Partial translation of XML file with `xml2` overwrites existing nodes

Zack83 · October 30, 2020, 10:20am

I have a long and complex multilingual XML document where I need to add a further language.

With xml2::xml_text it was quite easy to extract all the text into a dataframe, which was then translated manually within a spreadsheet software.

The serious problems arise trying to add the translated items back into the XML file.

I tried the following procedure:

library(xml2); library(stringr); library(magrittr); library(tidyverse)
Dokument <- read_xml("Dokument.xml")                  # XML document
Übersetzung <- read_tsv("Übersetzung.tsv",na="NA")    # translation tabular file
Liste_fr <- xml_find_all(Dokument,'.//*[@lang="fr"]') # retrieve all instances in a given language
Liste_it <- Liste_fr                                  # create the nodeset fot the new language based on an existing one
xml_set_text(Liste_it,Übersetzung$it)                 # get the text from the data.frame containing the translations
xml_set_attr(Liste_it,"lang","it")

But then all changes made to the Italian nodeset are propagated also to the French one: the French nodes are lost!
What is the reason for that and how can the two nodesets be "decoupled"?
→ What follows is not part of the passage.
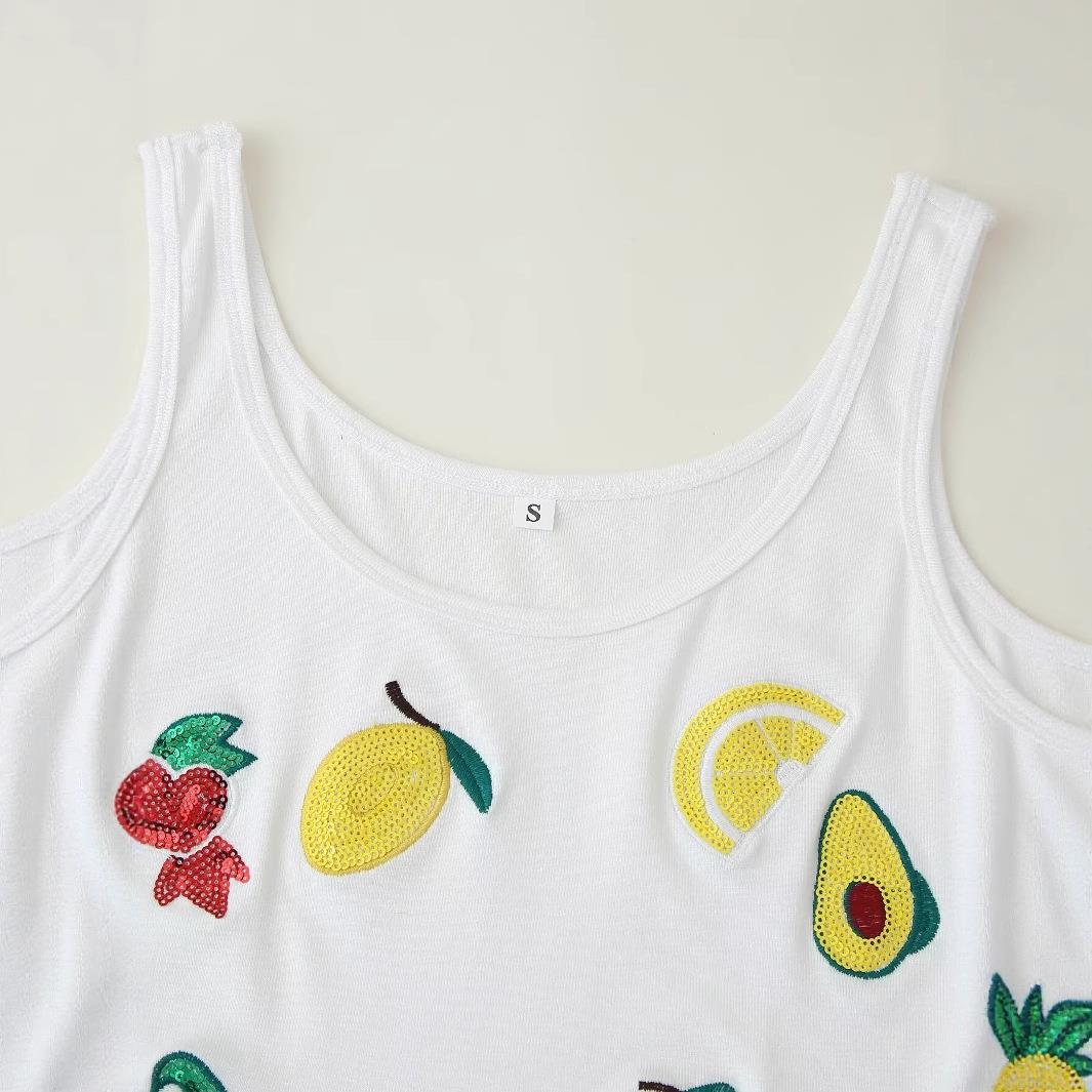 • Women's Sexy White Fruit Sequin Embroidery Ribbed Knit Crop Tank Top Sweet Sleeveless Slim Fit Summer Top with Avocado Lemon Watermelon Cherry Patterns

The other possibility explored, inserting xml_add_sibling within a for cycle, seems less practicable, because even nesting many lists it is hardly possible to create from scratch nodes having all the classes attributes at the right hierarchy level.

I would be thankful for any hint.

Here is how my document looks like:

<?xml version="1.0" encoding="UTF-8"?>
<root>
<a>
    <title lang="de">Allgemein</title>
    <title lang="en">General</title>
    <title lang="fr">Général</title>
    <help lang="de"/>
    <help lang="en"/>
    <help lang="fr"/>
</a>
<b>
    ...
</b>
</root>

Thanks,

Giacomo

Zack83 · October 30, 2020, 5:18pm

OK, I circumvented the problem with a dirty trick: i created the new language column before loading the source document and creating the columns for the existing languages.

Liste_it <- xml_find_all(read_xml(Dateiname),'.//*[@lang="fr"]') # not load the document
Dokument <- read_xml(Dateiname)                                  # load the document
Liste_de <- xml_find_all(Dokument,'.//*[@lang="de"]')            # create the other language files
Liste_en <- xml_find_all(Dokument,'.//*[@lang="en"]')
Liste_fr <- xml_find_all(Dokument,'.//*[@lang="fr"]')

At the end I indeed used xml_add_sibling:

for(.k in 1:length(Liste_fr)) xml_add_sibling( Liste_fr[[.k]],Liste_it[[.k]] )

If a more elegant solution is known, I'd be happy to know, otherwise I can live with the current one.

system · November 20, 2020, 5:18pm

This topic was automatically closed 21 days after the last reply. New replies are no longer allowed.

If you have a query related to it or one of the replies, start a new topic and refer back with a link.